A distant spaceship carrying a red headlight, emitting light with wavelength
600nm, is heading towards the earth. Observers on the earth detect the light from the
headlight as ultraviolet light with wavelength 200nm. What is the velocity of the
spaceship?
b) As the space ship gets closer to earth, it becomes clear that it is not heading straight at the earth.(Ignore this in part (a). It passes the earth at the speed you have calculated in part (a). What frequency
of light is seen by earth observers when the spaceship is just passing earth? (That is when the velocity
of the spaceship is perpendicular to the line of sight from earth).
L = V/Fs = 600*10^-9 m.
300*10^6/Fs = 600*10^-9
Fs = 300*10^6/600*10^-9 = 5.*10^14 Hz =
Freq. emitted by spaceship.
a. L = 300*10^6/Fr = 200*10^-9
Fr = 300*10^6/200*10^-9 = 1.5*10^15 Hz.
= Freq. observed by the receivers.
Fr = ((Vl+Vr)/(Vl-Vs))*Fs = 1.5*10^15
((3*10^8+0)/(3*10^8-Vs)*5*10^14 =
1.5*10^15 Hz.
15*10^22/(3*10^8-Vs) = 1.5*10^15
-1.5*10^15Vs + 45*10^22 = 15*10^22
-1.5*10^15Vs = -30*10^22
Vs = 20*10^7 = 2.0*10^8 m/s = Velocity of spaceship.
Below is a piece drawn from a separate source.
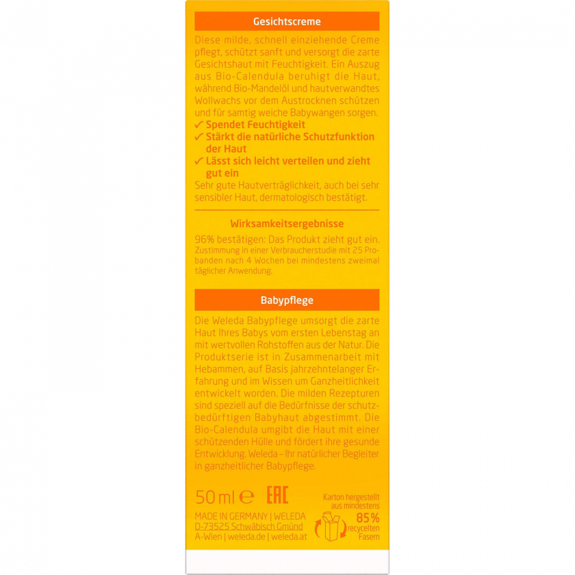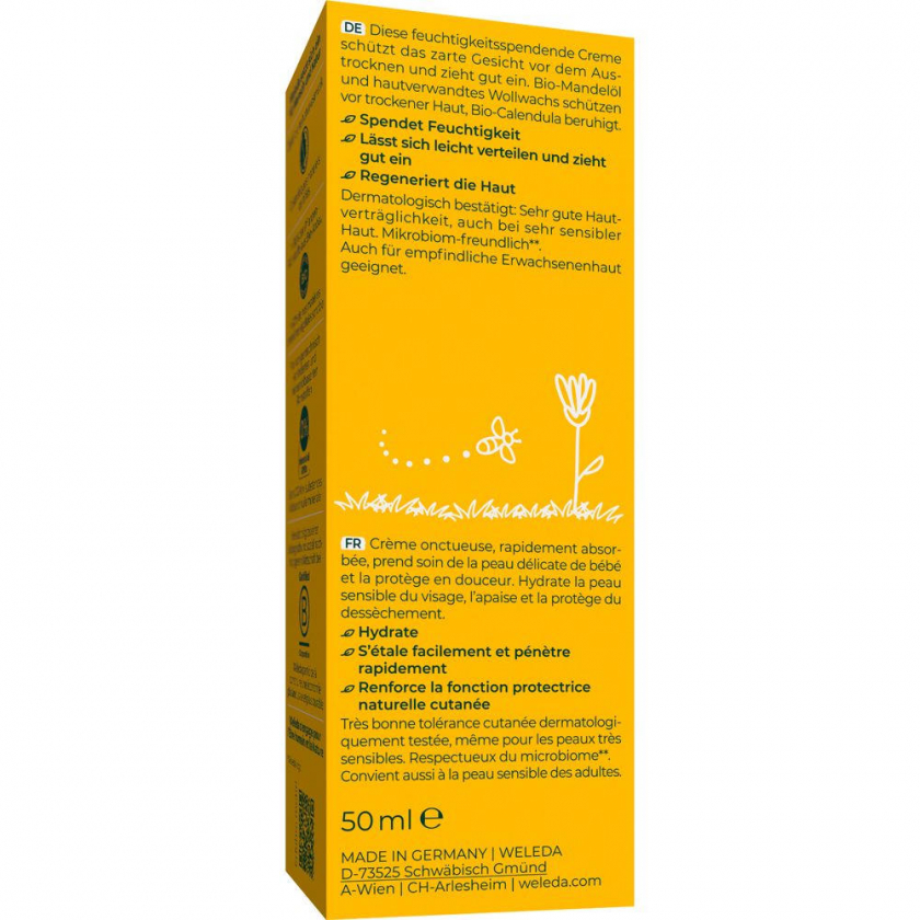 Weleda Baby Gesichtscreme Calendula - натуральная увлажняющая крем для лица для ухода за чувствительной кожей младенцев. Содержит масло сладкого миндаля, пчелиный воск и экстракт календулы для защиты, увлажнения и успокоения кожи. Подходит также для взрослых с чувствительной кожей.

b. Fr = ((Vl-Vr)/(Vl+Vs))*Fs
Fr =((3*10^8-0)/(3*10^8+2*10^8))*5*10^14
Fr = 15*10^22/(5*10^8) = 3*10^14 Hz =
freq. seen by observers as spaceship
passes earth.
To find the velocity of the spaceship, we can use the principle of the Doppler effect. The Doppler effect states that when a source of waves (in this case, light) is moving towards an observer, the wavelengths of the waves are compressed, causing an increase in frequency. Conversely, when the source is moving away from the observer, the wavelengths are stretched, causing a decrease in frequency.
Let's start by calculating the speed at which light is traveling:
The speed of light, denoted as c, is approximately 3 x 10^8 meters per second or 300,000 km/s.
Now, we can use the Doppler effect equation for a moving source of light:
λ_observed = λ_emitted * (c + v) / (c - v)
where:
λ_observed = observed wavelength on Earth (200 nm)
λ_emitted = emitted wavelength by the spaceship (600 nm)
v = velocity of the spaceship
Plugging in the values:
200 nm = 600 nm * (3 x 10^8 m/s + v) / (3 x 10^8 m/s - v)
Next, we can solve for v. Let's start by cross-multiplying:
200 nm * (3 x 10^8 m/s - v) = 600 nm * (3 x 10^8 m/s + v)
Now, let's convert the wavelengths from nanometers to meters by dividing by 10^9:
(200 nm * 10^-9) * (3 x 10^8 m/s - v) = (600 nm * 10^-9) * (3 x 10^8 m/s + v)
Simplifying further:
(200 * 10^-9) * (3 x 10^8 - v) = (600 * 10^-9) * (3 x 10^8 + v)
Now, let's multiply the terms:
(200 * 10^-9) * (3 x 10^8) - (200 * 10^-9) * v = (600 * 10^-9) * (3 x 10^8) + (600 * 10^-9) * v
Simplifying even further:
600 * 10^-1 - (200 * 10^-9) * v = 1800 * 10^-1 + (600 * 10^-9) * v
Now, let's collect the v terms on one side of the equation:
(200 * 10^-9) * v + (600 * 10^-9) * v = 1800 * 10^-1 - 600 * 10^-1
Combining like terms:
(800 * 10^-9) * v = 1200 * 10^-1
Now, let's divide both sides of the equation by (800 * 10^-9) to isolate v:
v = (1200 * 10^-1) / (800 * 10^-9)
Simplifying:
v = 1.5 x 10^9 m/s
Therefore, the velocity of the spaceship is 1.5 x 10^9 meters per second.
b) When the spaceship passes the Earth at the speed calculated in part (a), the velocity is perpendicular to the line of sight from Earth. In this case, there would be no Doppler effect, and the frequency of light observed remains the same as the emitted frequency.
The frequency of light is related to the wavelength by the equation:
f = c / λ
where:
f = frequency
c = speed of light (3 x 10^8 m/s)
λ = wavelength (600 nm in this case)
Plugging in the values:
f = (3 x 10^8 m/s) / (600 nm * 10^-9)
Simplifying:
f = (3 x 10^8 m/s) / (600 * 10^-9)
f = 5 x 10^14 Hz
Therefore, when the spaceship is passing Earth, the frequency of light observed by Earth observers is 5 x 10^14 Hz.